Penser à gérer son identité numérique avant toute chose. Comme tout outil il faut apprendre à s’en servir et ceci est d’autant plus important qu’avec les réseaux sociaux on touche rapidement à son identité numérique. Il faut être conscient qu’en étant actif sur les réseaux sociaux on fait sciemment ou involontairement du « personal branding ». Nous devenons nous même notre propre produit à marketer. Nous devons gérer notre image et notre e-reputation. Cela mérite de prendre la peine de réfléchir à l’image que l’on veut renvoyer de nous-même. Rien n’est anodin. Les contacts linkedin, ou les abonnements sur Twitter, et les informations que nous « likons » ou que nous « partageons » renseignent sur nos centres d’intérêts et complètent notre profil et notre parcours professionnel. (Lire également Facebook en sait autant sur vous que votre conjoint). Rien d’effrayant à cela, bien au contraire cela doit enrichir notre identité numérique.

Le social selling nécessite de s’approprier les codes des réseaux sociaux. Ce sont toutes ses identités numériques qui se dessinent sur internet qui permettent de réaliser du « Social Selling » c’est-à-dire d’utiliser les réseaux sociaux au cours des étapes d’un processus de vente. On peut ainsi identifier des prospects, prendre contact , mettre en relation, diffuser de l’information choisie, se faire recommander par un tiers, apprendre à connaitre les centres d’intérêt de ses clients. Là encore attention de ne pas bruler les étapes. S’abonner à une personne sur twitter et le harceler pour qu’il vous suive afin de pouvoir lui envoyer une documentation commerciale ou lui proposer un rendez-vous sera souvent contre-productif. Il faut se familiariser avec les codes des réseaux sociaux et se souvenir que les réseaux sociaux reposent sur l’écoute et l’échange.

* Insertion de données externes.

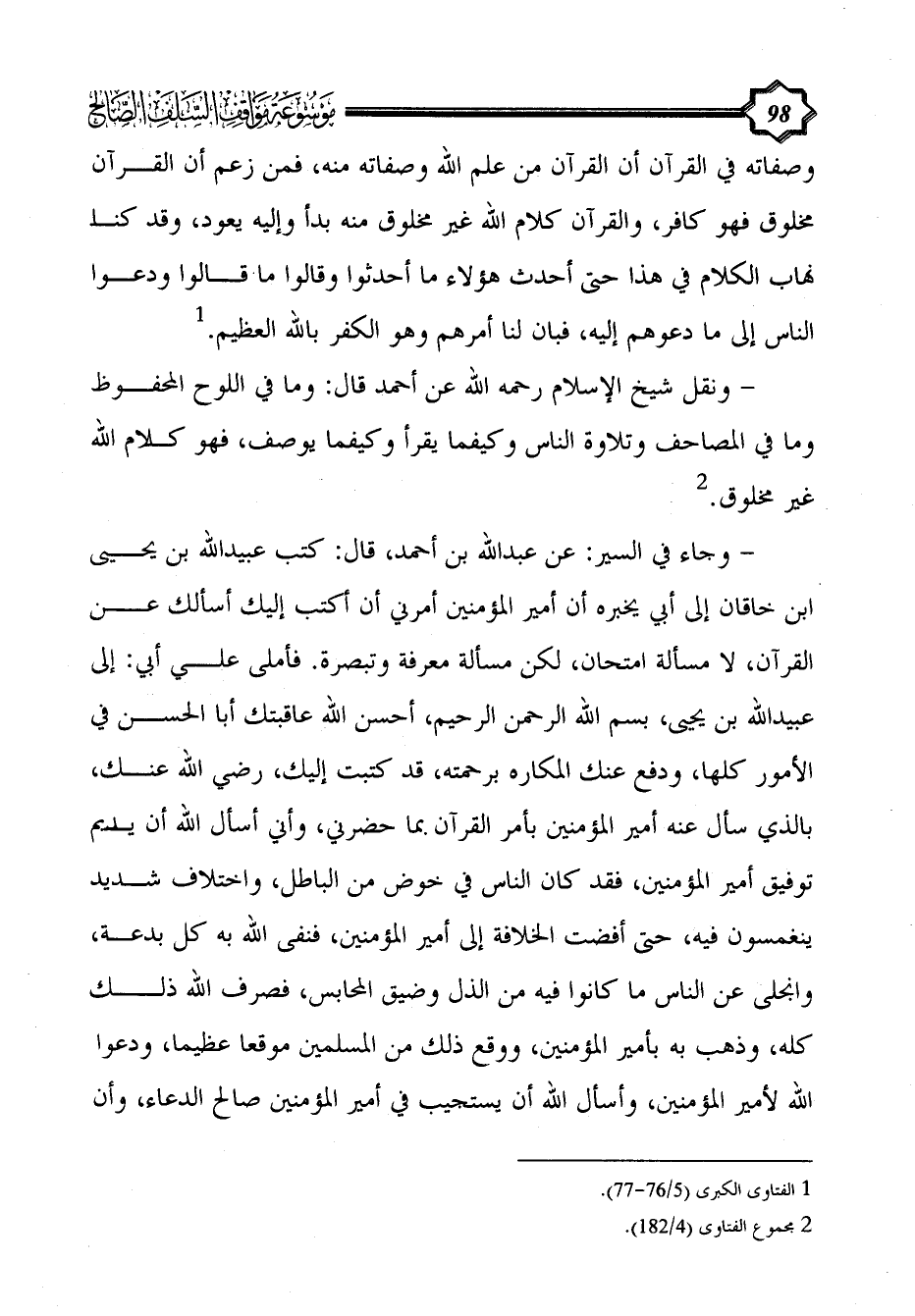 - ونقل شيخ الإسلام رحمه الله عن أحمد قال: وما في اللوح المحفوظ وما في المصاحف وتلاوة الناس وكيفما يقرأ وكيفما يوصف، فهو كلام الله غير مخلوق. (¬2)

Certains se contentent d’une simple veille sur les réseaux sociaux par peur d’être « visibles » ou de ne pas savoir quoi dire. Il n’y a pas besoin de parler de soi, on peut partager ce qui nous parait utile et intéressant. Avec plus de confiance on peut y aller de son commentaire. C’est ainsi qu’on augmente sa visibilité de manière constructive tout en devenant plus pertinent grâce à une veille efficace. C’est également un moyen de montrer que la transformation numérique ne vous effraie pas et que vous êtes capable de vous accaparer ces outils pour les intégrer dans votre travail.